Galeria: Wspominają Romualda Lipkę
Krzysztof Szewczyk, dziennikarz muzyczny
– Mam z Romkiem wspaniałe wspomnienia, bo to był wspaniały człowiek, kolega, z którym można było porozmawiać o wszystkim, nie tylko o muzyce. Najsmutniejsze jest to, że on od dłuższego czasu wiedział, że odchodzi. Trasa koncertowa, jaką zrobił jesienią zapraszając artystów, którzy śpiewali jego największe przeboje, tak naprawdę była jego pożegnaniem z publicznością. On to wszystko sobie wymyślił. Nigdy go nie zapomnimy.
Marek Sierocki, dziennikarz muzyczny
– W październiku ubiegłego roku przeprowadzałem długi radiowy wywiad z Romkiem. Kiedy odsłuchałem tę rozmowę jeszcze raz, już po jego śmierci, odniosłem wrażenie, że to było coś w rodzaju jego pożegnania z fanami. Nikt już nie napisze takich piosenek, jakie on komponował. Mówi się, że nie ma ludzi niezastąpionych, ale jego nie zastąpi nikt, bo miał dar od Boga do pisania utworów, które nucą i nadal będą nucić pokolenia Polaków,
Kibicowałem mu od początku jego kariery. Pamiętam, jak stanąłem o 6 rano pod salonem Polskich Nagrań, żeby kupić pierwszą płytę Budki, byłem na ich pierwszym koncercie w Warszawie. Potem z Romkiem poznaliśmy się zawodowo, zaprzyjaźniliśmy się również prywatnie. On mnie zaskakiwał swoimi kompozycjami, bo przyzwyczaił wszystkich do tego, że wciąż komponował genialne rzeczy.
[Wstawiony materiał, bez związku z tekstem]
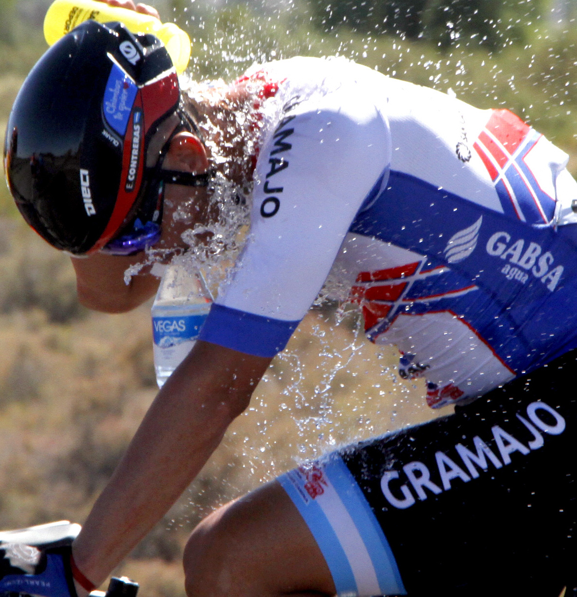 Bendición. El pedalero se tira agua, en una etapa donde el termómetro pasó los 40º.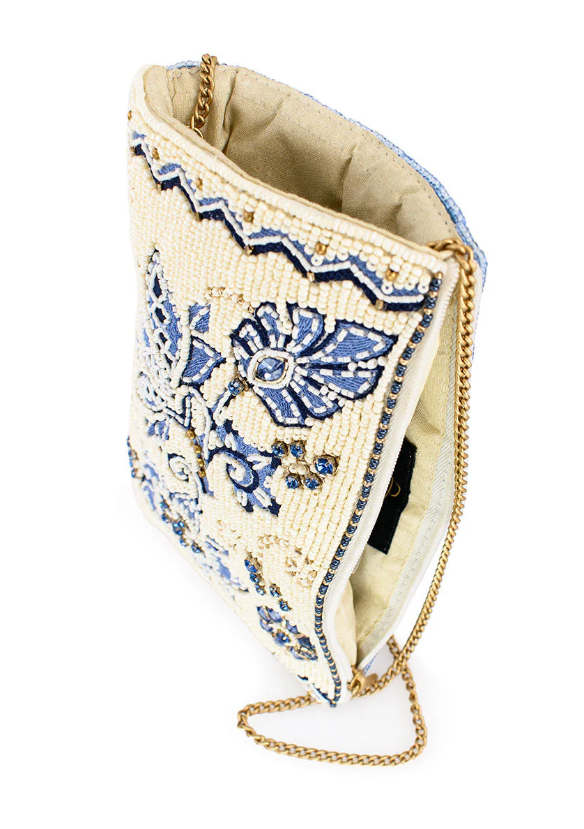 Easy Street brings timeless charm with its classic blue floral design and shimmering beadwork. Effortlessly elegant, this bag is your perfect companion for any stylish stroll.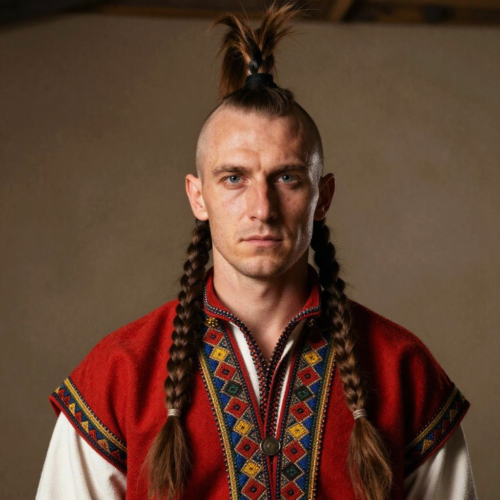 Gen Z Man with Traditional Eastern European Embroidered Outfit and Braided Hairstyle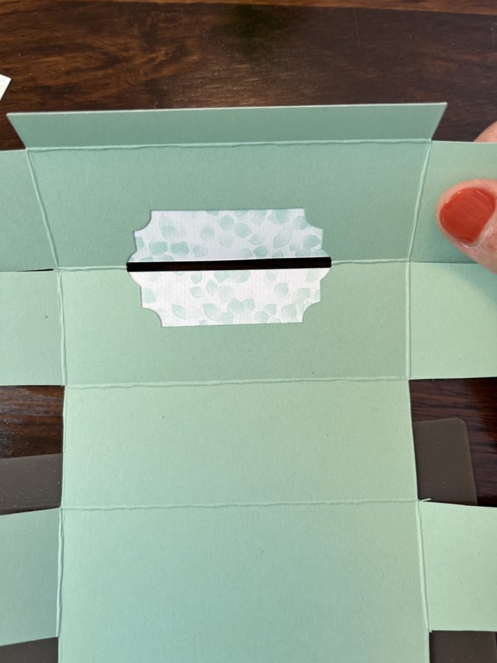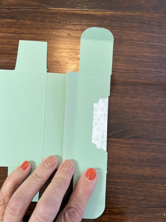 - Add the Designer Series to the two sections you just punch, the side tabs and the top front. Hint: I found it was easier to add the Designer Series Paper while the box was not yet assembled.

Ryszard Poznakowski, kompozytor
– Wspominamy wielkiego człowieka i kompozytora, wspaniałego muzyka, mającego jeszcze kilka innych zalet, które rzadko zdarzają się w showbiznesie. Miał niebanalne poczucie humoru. Pamiętam, jak dziennikarka zapytała go, kto jego zdaniem jest największym kompozytorem w Polsce. Odpowiedział: „Jest nas kilku”. Teraz tego największego zabrakło… Odszedł człowiek, ale została jego muzyka. Ja, jako prezes Stowarzyszenia Artystów Wykonawców zrzeszającego wszystkich muzyków w Polsce, mogę powiedzieć w ich imieniu: Żegnamy cię, Romku, dostarczyłeś nam takiego materiału, dzięki któremu mogliśmy robić kariery.